* Work instruction:
Whatever appears in the records, retype it exactly, except for the pictures.

(Collected data entries)

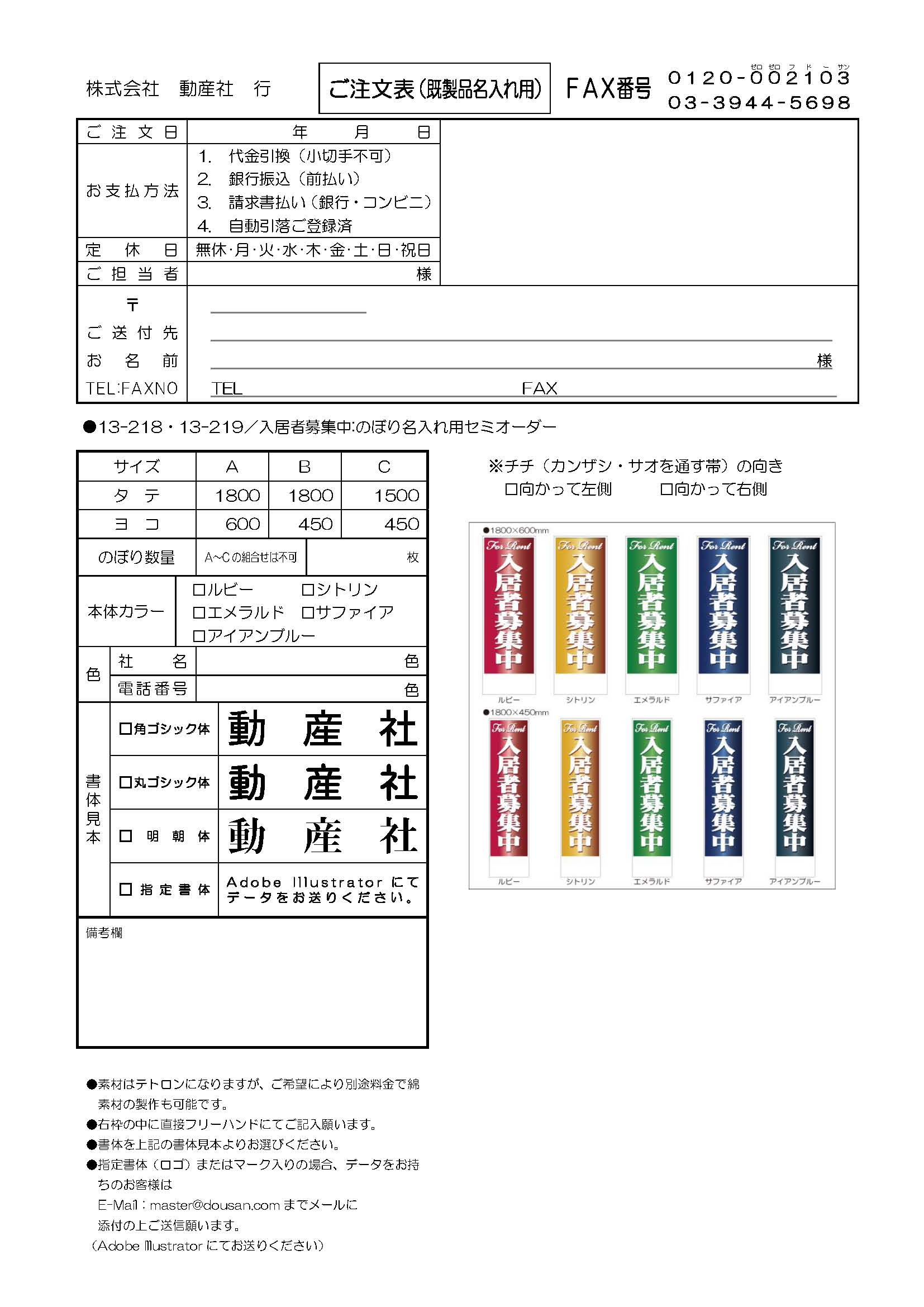 入居者募集中:のぼり名入れ用セミオーダー1800/1500×450mm
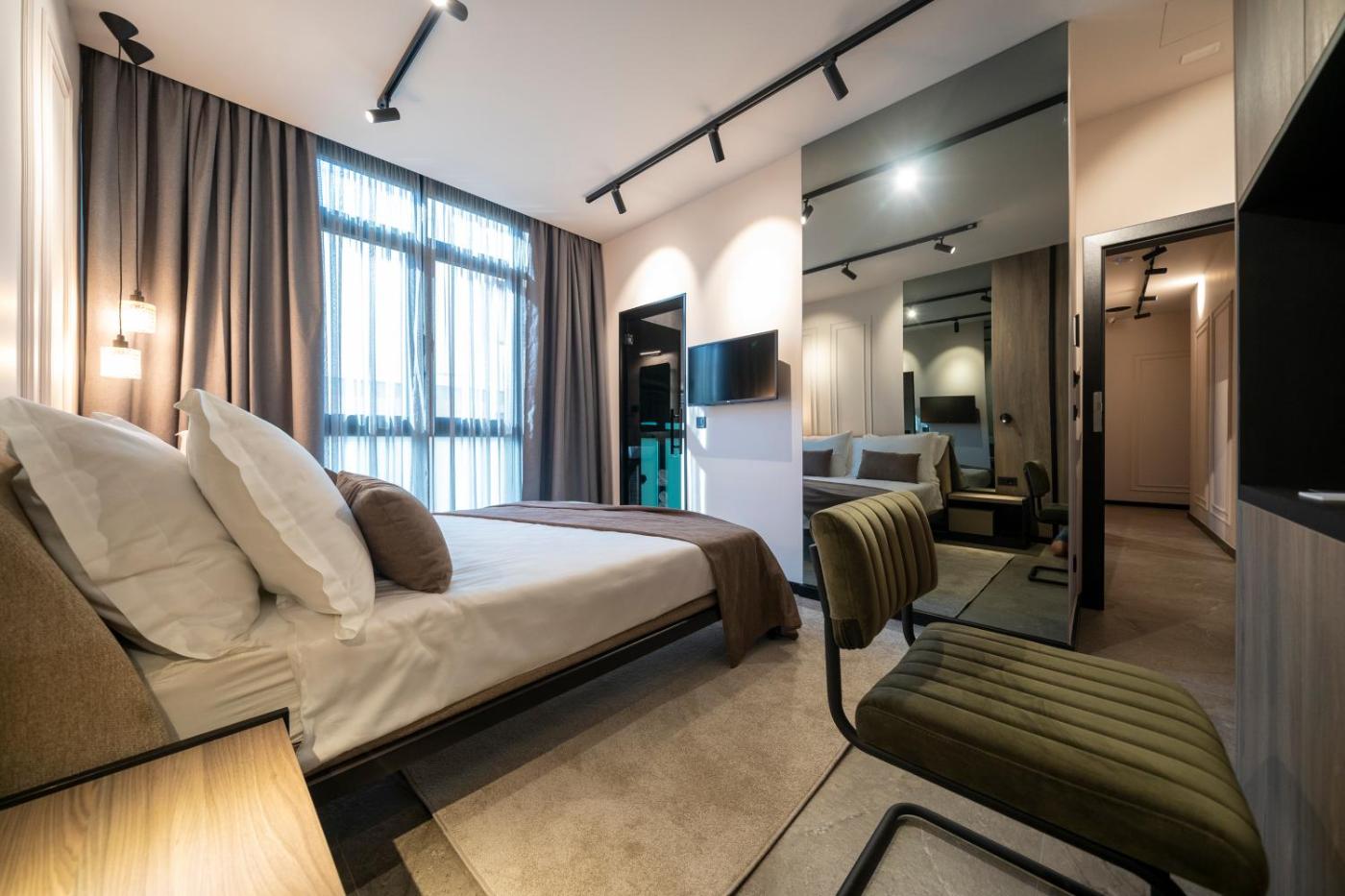 Deluxe Double Room. Offering free toiletries, this double room includes a private bathroom with a walk-in shower, a hairdryer and slippers. The air-conditioned double room offers a flat-screen TV with cable channels, a private entrance, soundproof walls, a minibar as well as a quiet street view. The unit has 1 bed. ;
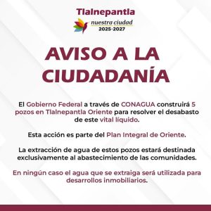 En torno al Plan Integral Oriente -suma de acciones federales, estatales y municipales en 15 municipios de la entidad-, la Comisión Nacional de Agua (Conagua) inició semana la construcción de cinco pozos cuya extracción de agua, se dice, estará destinada exclusivamente al abastecimiento de comunidades; “y en ningún caso el agua que se extraiga será destinada para desarrollo inmobiliarios”, afirmó el edil de Tlalnepantla, Raciel Pérez.
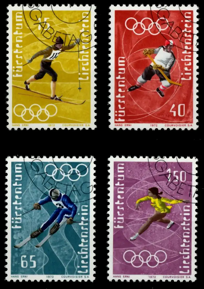 Ausgabe Olympische Winterspiele Sapporro 1972, mit Versandstellenstempel in irgend einer Ecke, mit Versandstellenstempel in irgend einer Ecke
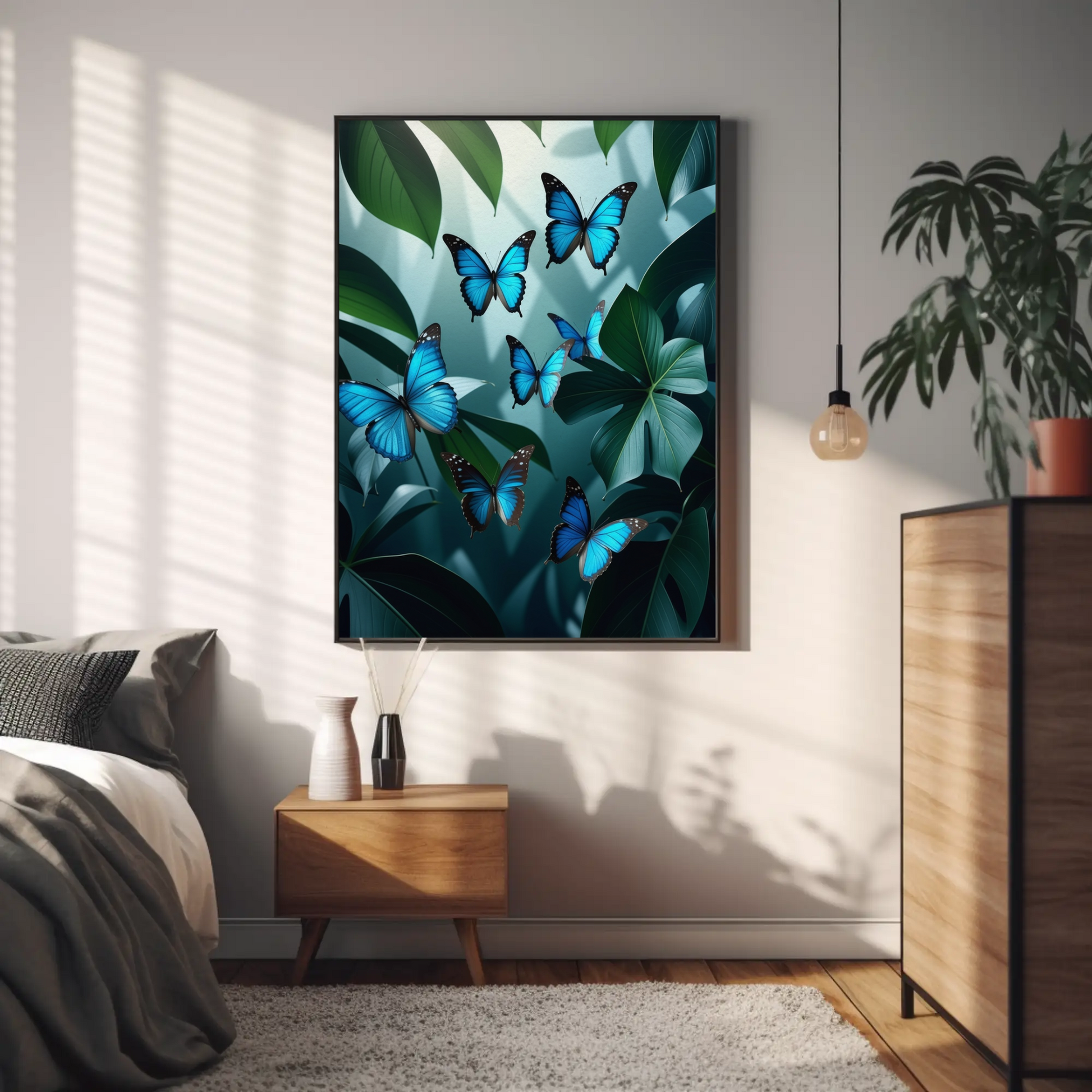 Butterflies in Monstera Tropical Foliage Art Print - Digital Download

* Completed exercise:
 入居者募集中:のぼり名入れ用セミオーダー1800/1500×450mm
 Deluxe Double Room. Offering free toiletries, this double room includes a private bathroom with a walk-in shower, a hairdryer and slippers. The air-conditioned double room offers a flat-screen TV with cable channels, a private entrance, soundproof walls, a minibar as well as a quiet street view. The unit has 1 bed. ;
 En torno al Plan Integral Oriente -suma de acciones federales, estatales y municipales en 15 municipios de la entidad-, la Comisión Nacional de Agua (Conagua) inició semana la construcción de cinco pozos cuya extracción de agua, se dice, estará destinada exclusivamente al abastecimiento de comunidades; “y en ningún caso el agua que se extraiga será destinada para desarrollo inmobiliarios”, afirmó el edil de Tlalnepantla, Raciel Pérez.
 Ausgabe Olympische Winterspiele Sapporro 1972, mit Versandstellenstempel in irgend einer Ecke, mit Versandstellenstempel in irgend einer Ecke
 Butterflies in Monstera Tropical Foliage Art Print - Digital Download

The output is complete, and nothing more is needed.